## EXERCISE PROMPT:
Search the listing below for the string "kulinaričnih", then copy every line it appears in.
══════════
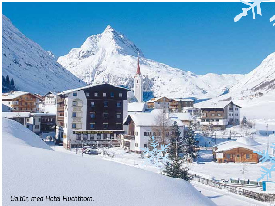
Galtür, med Hotel Fluchthorn.
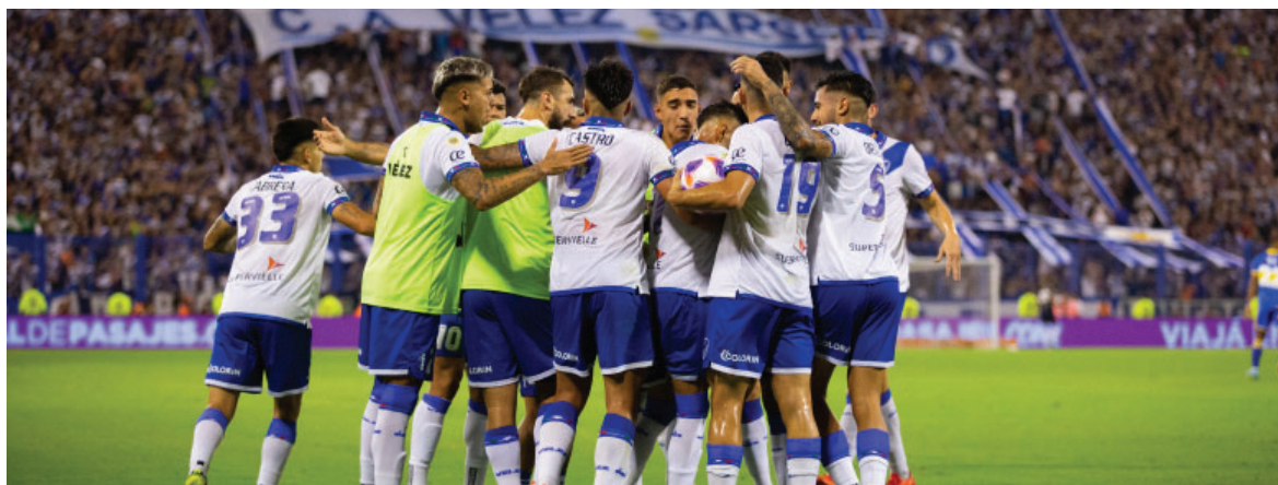
La unión del grupo, componente vital para salir adelante.
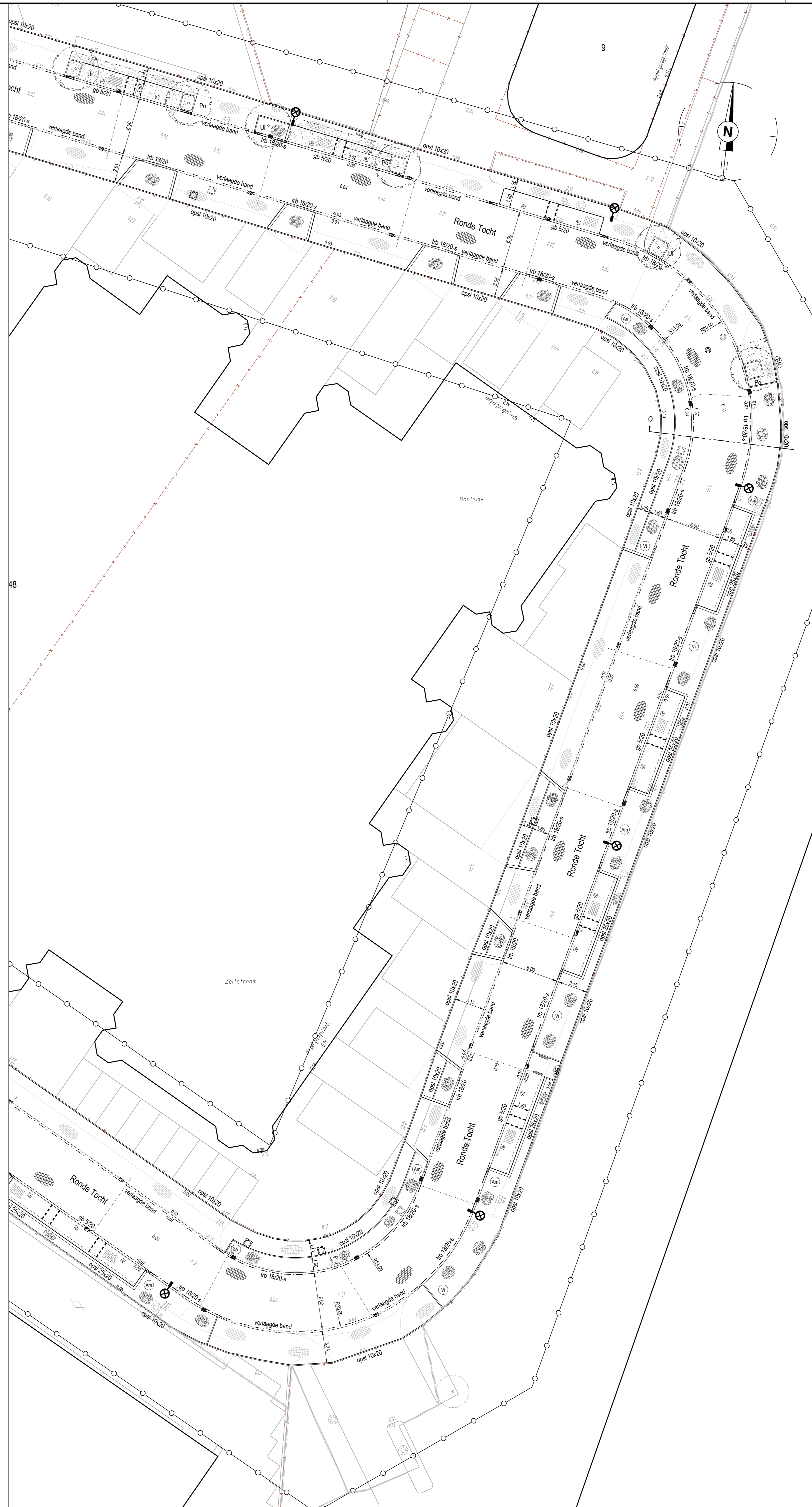
Situatieoverzicht - Blad 6 (gedeelte naast blad 4) Schaal 1:200
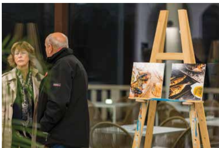
La mostra fotografica di food photo di Matija Ščukovt. / Fotografska razstava kulinaričnih dobrot Matije Ščukovta.

Zvečer so si obiskovalci ogledali fotografsko razstavo kulinaričnih dobrot mladega fotografa Matije Ščukovta in okužali jedi, pripravljene med predstavo. Predstavljeni recepti so objavljeni na spletni strani SSIN Ankaran www.can-ancarani.si .
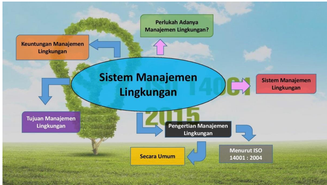
Gambar 9. Managemen Lingkungan
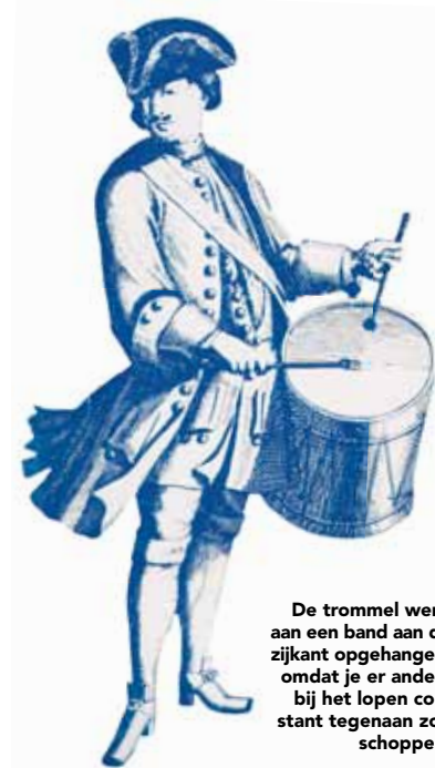
De trommel werd aan een band aan de zijkant opgehangen, omdat je er anders bij het lopen constant tegenaan zou schoppen.

We kunnen er dus vanuit gaan dat mensen al heel lang geleden met trommels gingen lopen. Omdat die trommels vrij diep waren kon je ze niet voor je hangen, je zou er immers constant tegenaan schoppen bij het lopen. De trommel werd daarom aan een band aan de zijkant opgehangen. Aangezien de matched grip in die houding erg lastig is, werd wat we nu de 'traditional grip' noemen gebruikt. Die aanpassing gold natuurlijk alleen voor de linkerhand, want de rechter kon in de normale houding slaan.
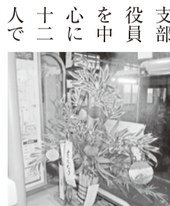
細やかな飾り付けを行った
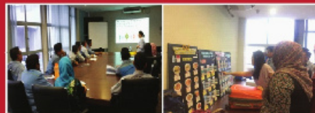
Ceramah Dan Pameran Pemakanan Sihat Di JFE Shoji Steel Malaysia Sdn.Bhd
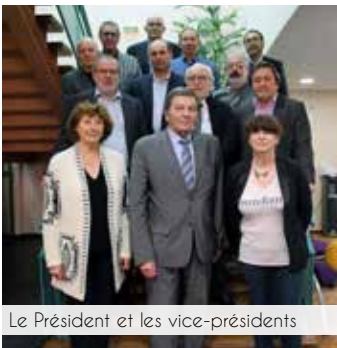
Le Président et les vice-présidents
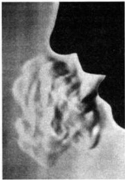
Ил. 3. Воздушная форма гласного звука «а».

Первым на эти незримые, порождаемые речью воздушные формы указал в 1924 г. Рудольф Штайнер 141 . Его замечание, что сделать их зримыми безусловно возможно, пользуясь соответствующими средствами, в 1962 г. было реализовано дрезденской учительницей Иоганной Цинке. Десятилетиями изучая эту тему, она смогла показать, что каждый звук речи и впрямь порождает перед ртом особенную, характерную только для него воздушную форму, причем явление это закономерно воспроизводится. Чтобы зримо отобразить отдельные формы и зафиксировать их с помощью фотоаппарата, Цинке поначалу использовала явление естественной конденсации пара при температурах ниже нуля. Но намного эффективнее оказался другой метод — перед произнесением какого-либо звука нужно было вдохнуть немного табачного дыма. Тогда возникающая воздушная форма оказывается насыщенной частицами дыма, и ее без труда можно видеть при комнатной температуре. Другим способом визуализации могут служить снимки, сделанные при помощи прибора Тёплера и интерферометра. (Снимок на ил. 3 сделан при помощи прибора Тёплера, остальные -обычные снимки выдыхаемого табачного дыма.
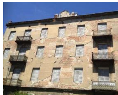
Warszawa, ul. Kamionkowska 41. Stan przed i po restrukturyzacji

Zgodnie z informacjami posiadanymi przez Emitenta, na dzień przekazania raportu akcjonariuszami posiadającymi co najmniej 5% głosów na walnym zgromadzeniu akcjonariuszy 2C Partners są następujące podmioty:
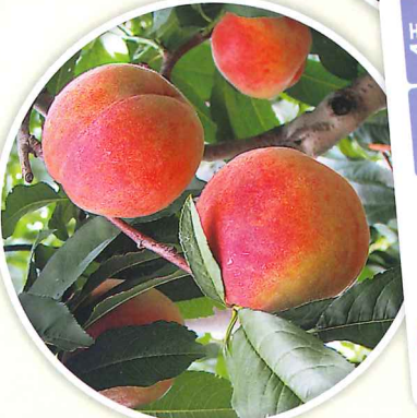
桃狩り 7月上旬～8月上旬 4玉 収穫体験 食べ放題
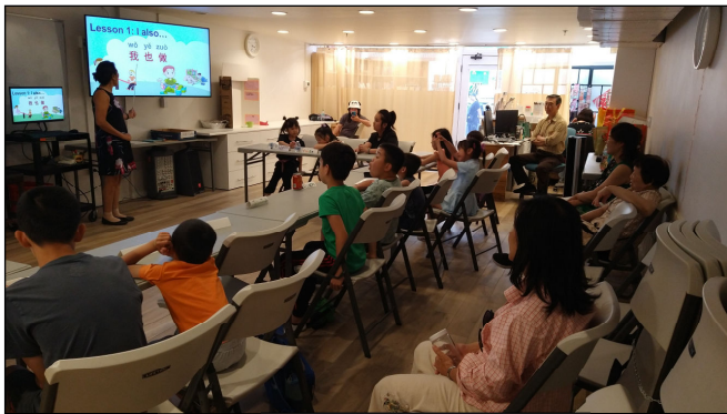
CD101 趣味中文初级班 Children's Chinese Language Class
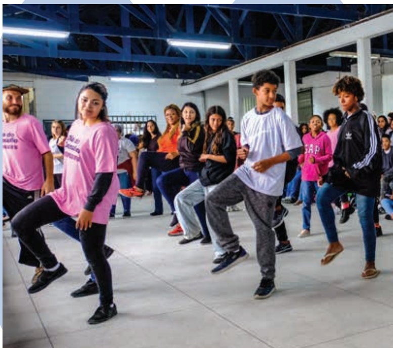
Dia do Desafio

Na Reserva Natural, diversas programações, que propõe a reflexão sobre questões relacionadas ao meio ambiente, para toda família. Um destaque para a Troca de Mudanças e Sementes, uma vivência para amantes de plantas, que desejam trocar ou compartilhar mudas e sementes que brotaram com facilidade em um canteiro ou vaso da sua casa.
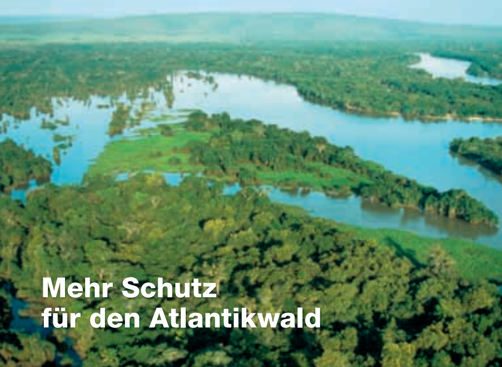
Mehr Schutz für den Atlantikwald
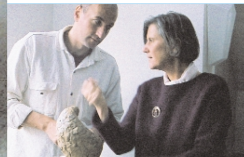
Aus der Kenntnis des therapeutischen Ziels regt die Therapeutin im Dialog mit dem Patienten die nächsten Arbeitsschritte an: Soll eine Hohlform entstehen oder eine freie Plastik? Sollen runde oder kantige Formen überwiegen?

Beim Plastizieren geht es nicht darum, ob das Ergebnis hübsch und dekorativ ist, sondern das Formen des Materials und das Ringen mit der Form lässt im Patienten neue Bilder und Kräfte entstehen. Diese tragen dazu bei, die Krankheit zu akzeptieren, zu überwinden und neuen Lebensmut zu schöpfen.
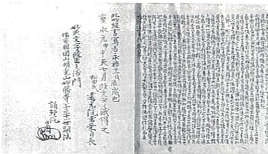
袖珍本「妙法蓮華経」8巻 室町時代末期 9.9×100~114cm
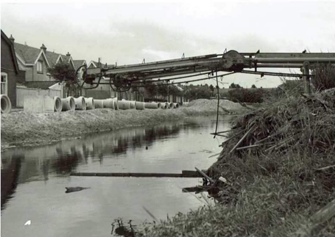
De Fabrieksgracht nog niet gedempt
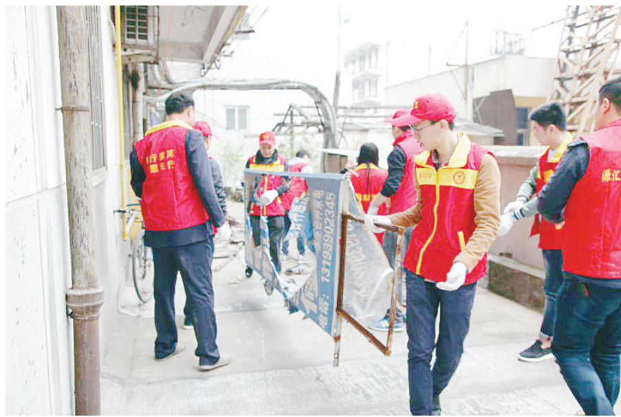
为巩固国家卫生城市创建成果,进一步改善社区居民生活环境,近日,市财政局志愿者服务队在源汇区顺河街社区开展环境卫生志愿服务活动。
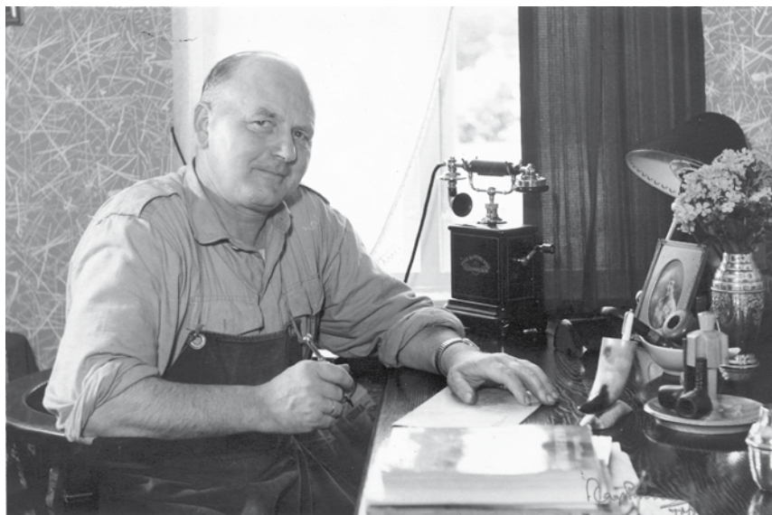
Laurits fatter pennen

Det blev til flere digte fra Finland, og Theodor kunne også sætte dejlige melodier til sine digte. Sigfred var dog den af brødrene, der nåede længst, når det drejer sig om poesi. Hvem kender ikke hans viser ”Nu går våren gennem Nyhavn”, ”Katinka”, ”Jeg plukker fløjlsgræs” og mange flere?
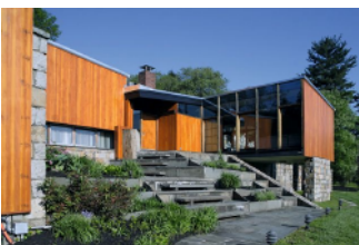
Figura 1. Foto da Genel House

(Disponível em < https://br.pinterest.com/pin/131871095313614483/?from_navigate=true > acesso em jul. 2016)
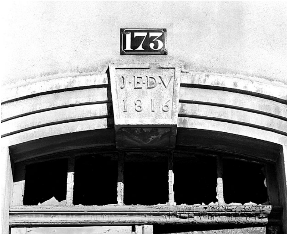
Entrée principale : date et initiales.
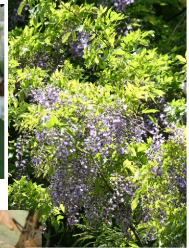
ホタルの里付近の山藤
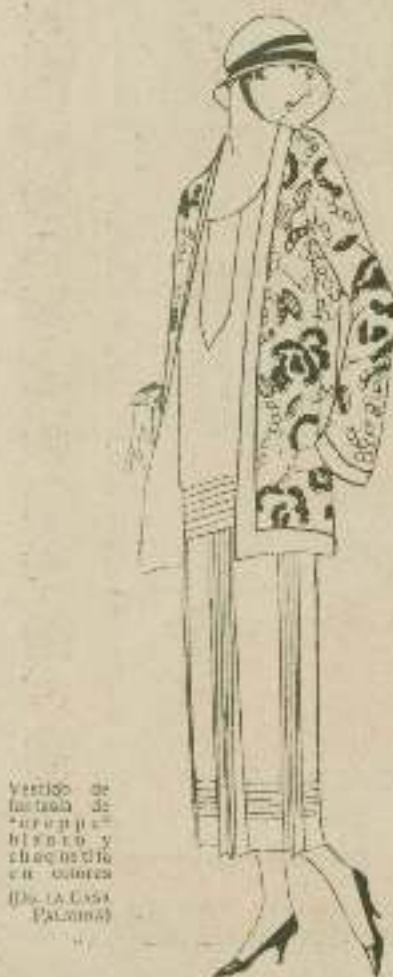
Vestido de fantasía de "aromax" blanco y negro en colores (De la Casa PALOMA)
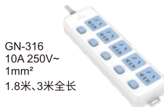
GN-316 10A 250V~ 1mm 2 1.8米、3米全长
══════════
## EXERCISE RESULT:
La mostra fotografica di food photo di Matija Ščukovt. / Fotografska razstava kulinaričnih dobrot Matije Ščukovta.
Zvečer so si obiskovalci ogledali fotografsko razstavo kulinaričnih dobrot mladega fotografa Matije Ščukovta in okužali jedi, pripravljene med predstavo. Predstavljeni recepti so objavljeni na spletni strani SSIN Ankaran www.can-ancarani.si .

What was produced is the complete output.